____ Recorded information
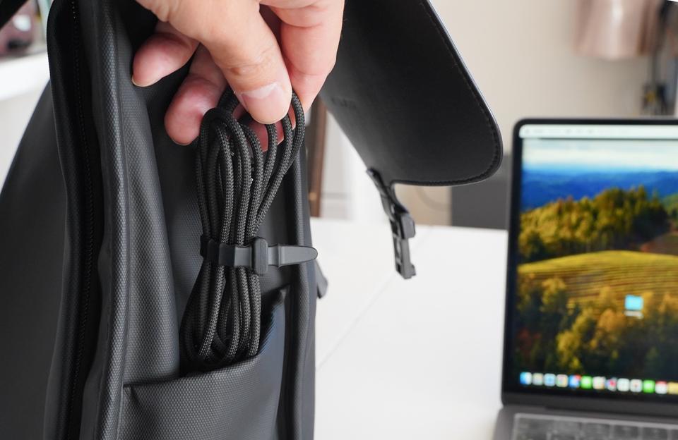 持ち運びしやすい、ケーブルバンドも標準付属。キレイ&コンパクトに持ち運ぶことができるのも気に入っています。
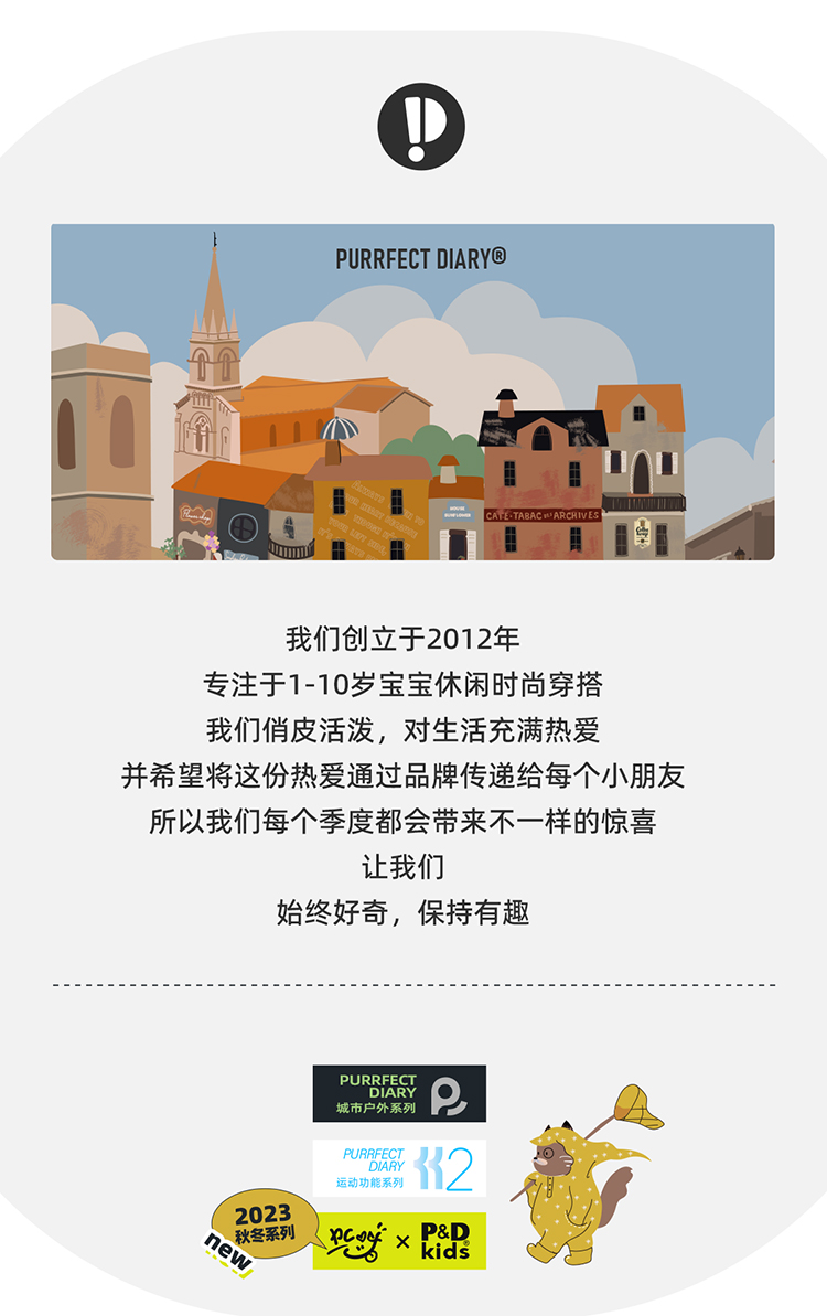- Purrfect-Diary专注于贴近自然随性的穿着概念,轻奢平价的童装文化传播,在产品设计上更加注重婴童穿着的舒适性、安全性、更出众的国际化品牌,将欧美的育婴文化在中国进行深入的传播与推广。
________
____ Recorded information
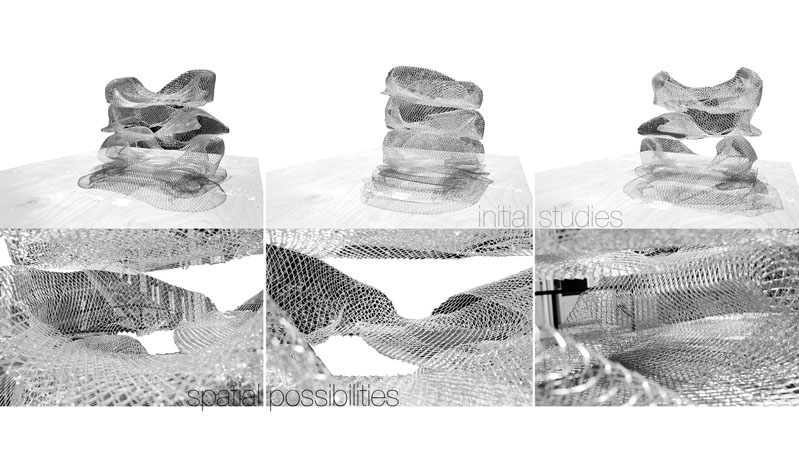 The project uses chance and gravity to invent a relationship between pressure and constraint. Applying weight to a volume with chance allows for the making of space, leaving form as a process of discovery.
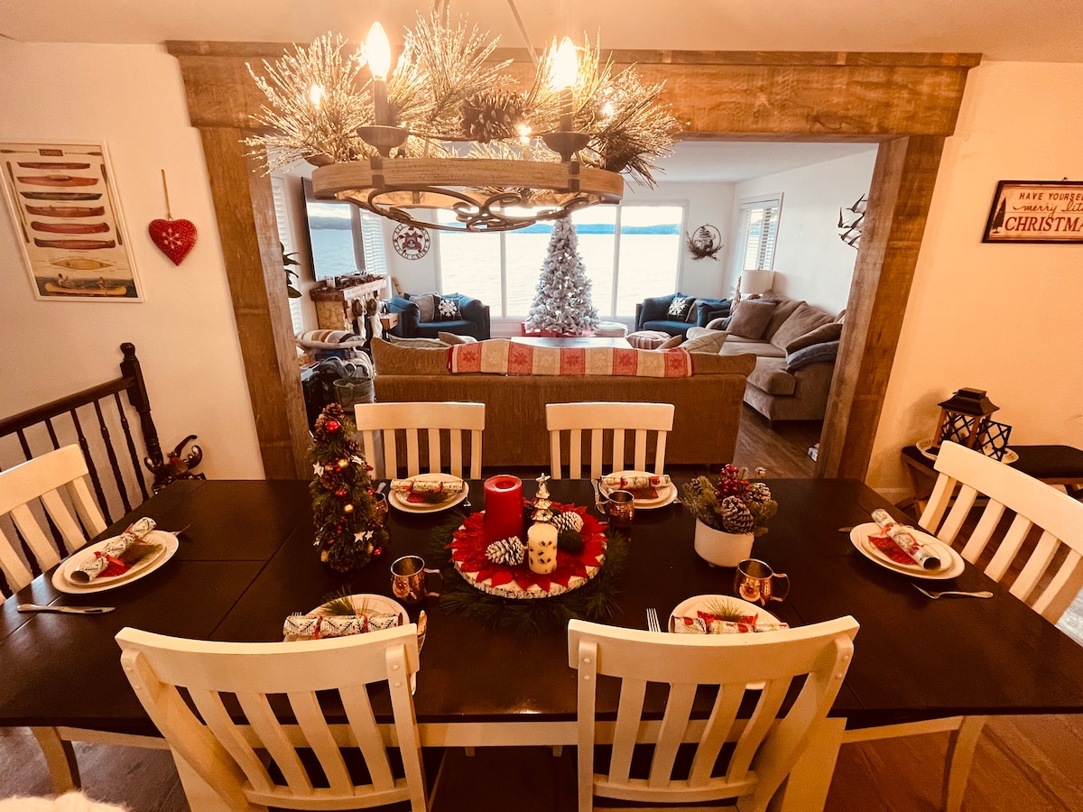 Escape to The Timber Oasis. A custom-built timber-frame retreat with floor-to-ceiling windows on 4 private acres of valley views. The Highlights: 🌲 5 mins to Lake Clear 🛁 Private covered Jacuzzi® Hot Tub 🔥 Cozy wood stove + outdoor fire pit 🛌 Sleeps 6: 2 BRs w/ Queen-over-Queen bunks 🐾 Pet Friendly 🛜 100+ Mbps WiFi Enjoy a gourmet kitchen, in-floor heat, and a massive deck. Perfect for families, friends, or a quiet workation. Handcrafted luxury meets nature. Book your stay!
________
Exercise details → Look through the listing above for the line with "持ち運びしやすい、ケーブルバ" and the line with "- Purrfect-Dia". Write out exactly those lines and everything between, leaving out pictures.

Finished exercise →
 持ち運びしやすい、ケーブルバンドも標準付属。キレイ&コンパクトに持ち運ぶことができるのも気に入っています。
- Purrfect-Diary专注于贴近自然随性的穿着概念,轻奢平价的童装文化传播,在产品设计上更加注重婴童穿着的舒适性、安全性、更出众的国际化品牌,将欧美的育婴文化在中国进行深入的传播与推广。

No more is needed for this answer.